For a week I was slinking around the house like a spanked retriever because I knew even though he tried not to show it, my dad was disappointed that I was obviously not a chip off the ole block. Another miserable week went by and then my mother picked up the phone in the kitchen.
“It’s Toy Town,” she mouthed, her hand over the receiver—then beamed at what she was hearing.
*
“Dad! Dad! Somebody moved away—I got on Toy Town—we need to go down and get my uniform! Dad…” I shouted, running into the garage.

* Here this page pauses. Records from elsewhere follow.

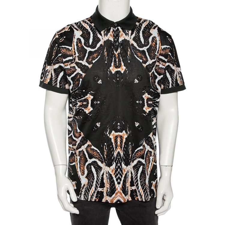 مملوكة مسبقًا تي شيرت بولو روبرتو كافالي قطن أخضر داكن نقشة الفهد تجريدية مقاس كبير جداً جداً (اكس اكس لارج)
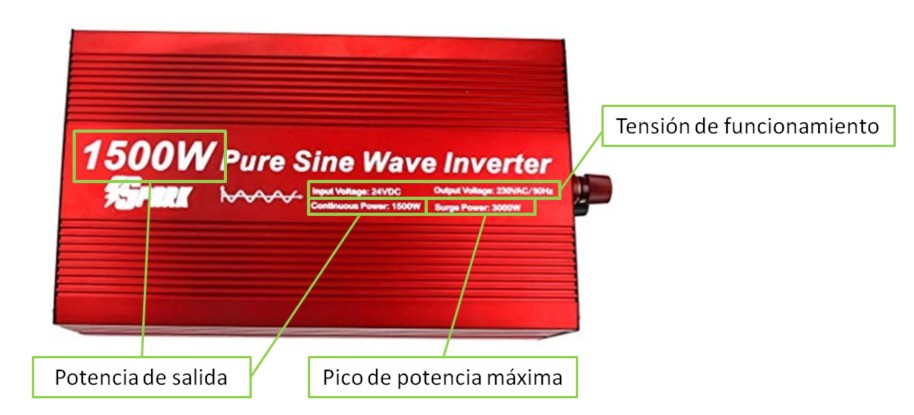 La potencia de salida de los inversores de corriente viene dada en vatios (W) o vatioamperio (VA). Estos valores nos los dará el fabricante del inversor, y normalmente, está impreso en el cuerpo del propio convertidor de corriente alterna.
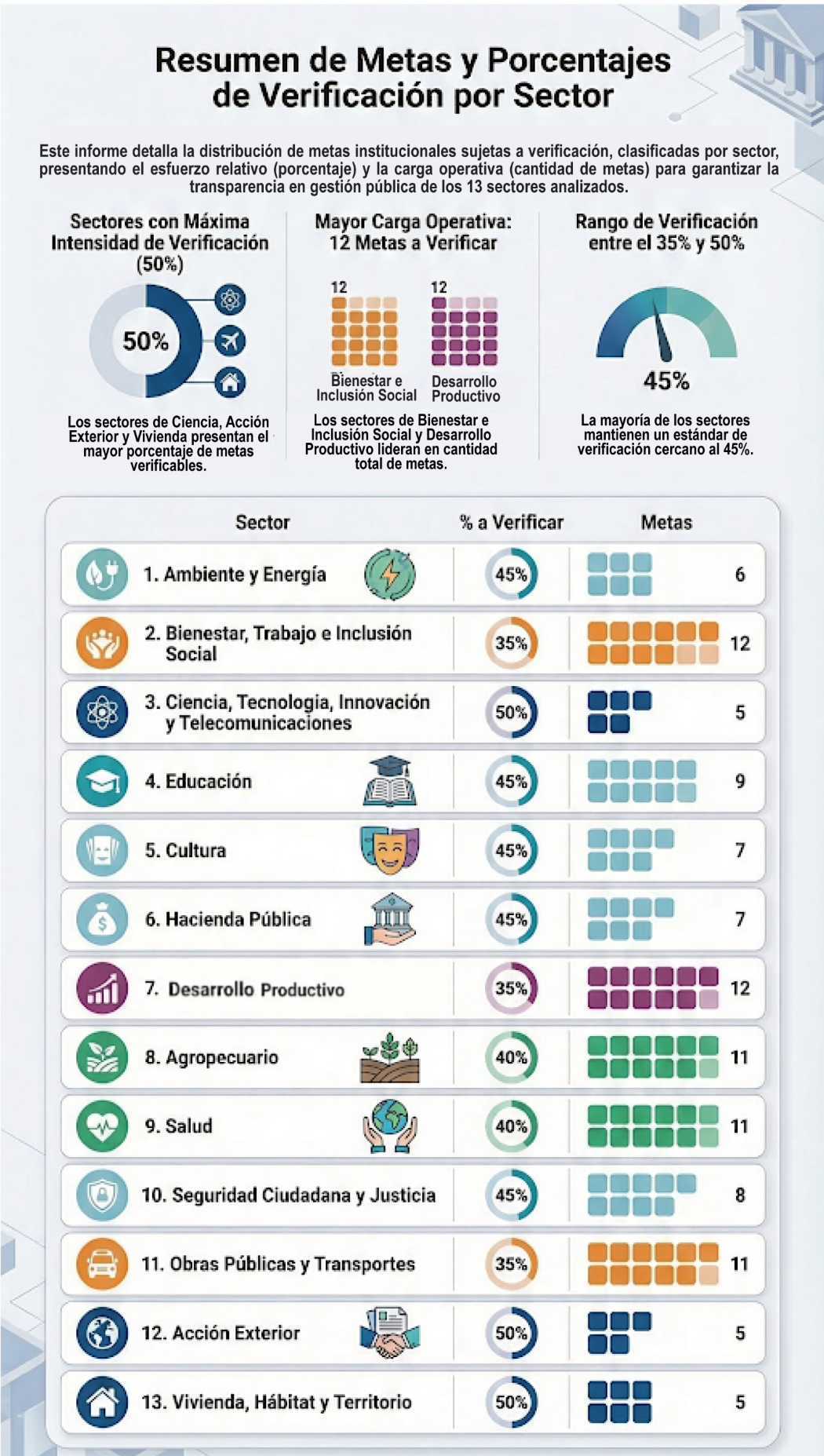 A continuación, se detallan los sectores y el volumen de metas sujetas a verificación este año:
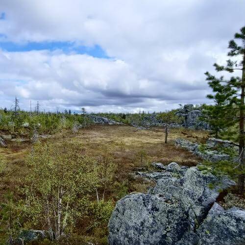На вершине горы Большая Ваара возвышается Древний Чертов стул – загадочный природный памятник, овеянный мифами и легендами. Его каменные очертания, напоминающие уютное сидение, словно созданы самой природой для созерцания величественных просторов вокруг. Окруженный зелеными елями и соснами, Чертов стул представляет собой оазис тишины и спокойствия. С этой высоты открывается захватывающий вид на бескрайние леса и озера, отражающие небесную синь. Мягкий ветер шепчет в листве, а солнце, пробиваясь сквозь деревья, играет золотыми бликами на камнях, создавая атмосферу волшебства. Это место, где природа словно остановилась на мгновение, приглашая каждого, кто сюда придет, задуматься о вечности и чудесах мира.

It was like him not to answer right away, but then I saw his shoes. He was on the floor behind the car, hat upside down, saliva pooling under the corner of his mouth and the butt of a cigarette burned out in the blister between his fingers.
*
“I guess you’re the man of the house now,” my mother said softly, shaking his ashes out under the pepper tree in our back yard, the one he’d planted, still no tears. I was wondering why she hadn’t cried yet, not even when the ambulance driver didn’t bother turning on the siren driving away to the hospital with my father in the back.
“Why can’t you cry? Didn’t you love daddy too?”
My mother continued spading in the ashes.
“I loved your father when you where born. You won’t understand this now but we were walking up some stairs before you were born and he said “I just can’t do this—I’ll have to give it a try,” so we walked over to the courthouse and got married. I still had faith in love then—what I thought was love. But then something happened as the years went by. I think that for all those years in the Army your father never had a relationship with a woman—just relations I suppose, something I hope never happens to you, honey.”
She was right about not understanding what she was saying of course, because I was only eight, man of the house or not.